(Work required) After finding the line that holds "Colleen Robertson, Floraloom, details" below, set down that line and the rest through the final one exactly, leaving the pictures out.

(Source material)
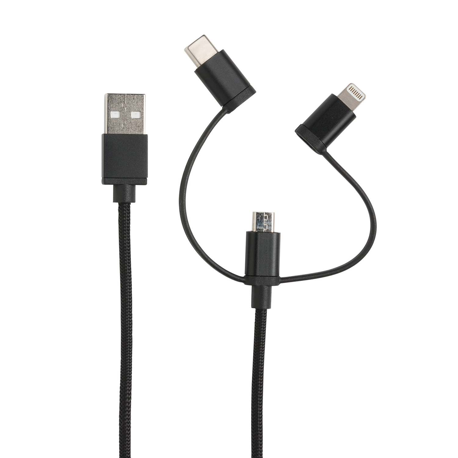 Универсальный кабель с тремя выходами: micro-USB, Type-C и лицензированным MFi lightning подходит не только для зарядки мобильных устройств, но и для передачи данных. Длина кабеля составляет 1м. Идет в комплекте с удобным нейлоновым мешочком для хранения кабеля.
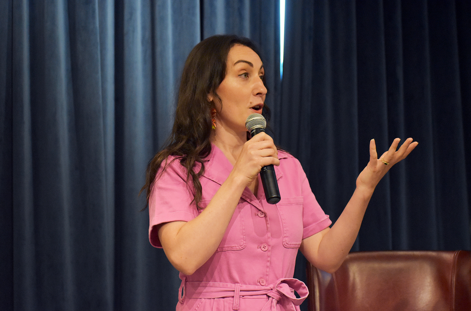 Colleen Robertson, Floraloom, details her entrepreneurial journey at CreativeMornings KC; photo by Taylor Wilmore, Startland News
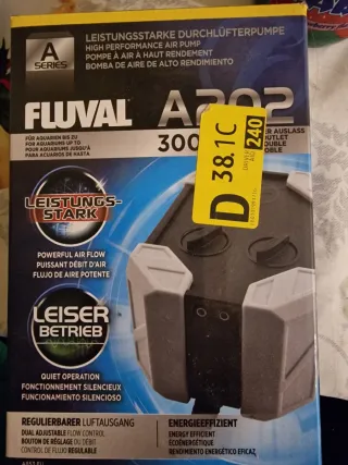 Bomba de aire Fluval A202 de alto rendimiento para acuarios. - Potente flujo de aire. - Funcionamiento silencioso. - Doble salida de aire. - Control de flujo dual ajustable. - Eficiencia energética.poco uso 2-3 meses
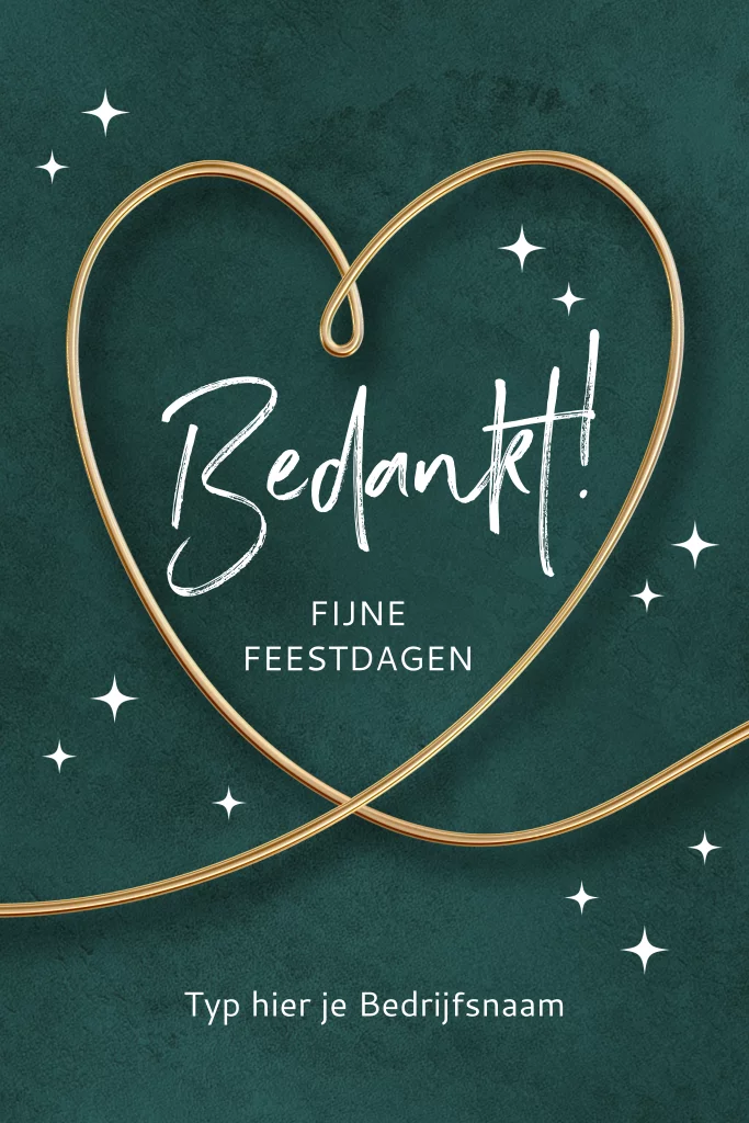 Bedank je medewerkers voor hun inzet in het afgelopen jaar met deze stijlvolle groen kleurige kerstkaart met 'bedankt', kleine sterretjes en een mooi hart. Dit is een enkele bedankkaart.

(Answer to the exercise)
 Colleen Robertson, Floraloom, details her entrepreneurial journey at CreativeMornings KC; photo by Taylor Wilmore, Startland News
 Bomba de aire Fluval A202 de alto rendimiento para acuarios. - Potente flujo de aire. - Funcionamiento silencioso. - Doble salida de aire. - Control de flujo dual ajustable. - Eficiencia energética.poco uso 2-3 meses
 Bedank je medewerkers voor hun inzet in het afgelopen jaar met deze stijlvolle groen kleurige kerstkaart met 'bedankt', kleine sterretjes en een mooi hart. Dit is een enkele bedankkaart.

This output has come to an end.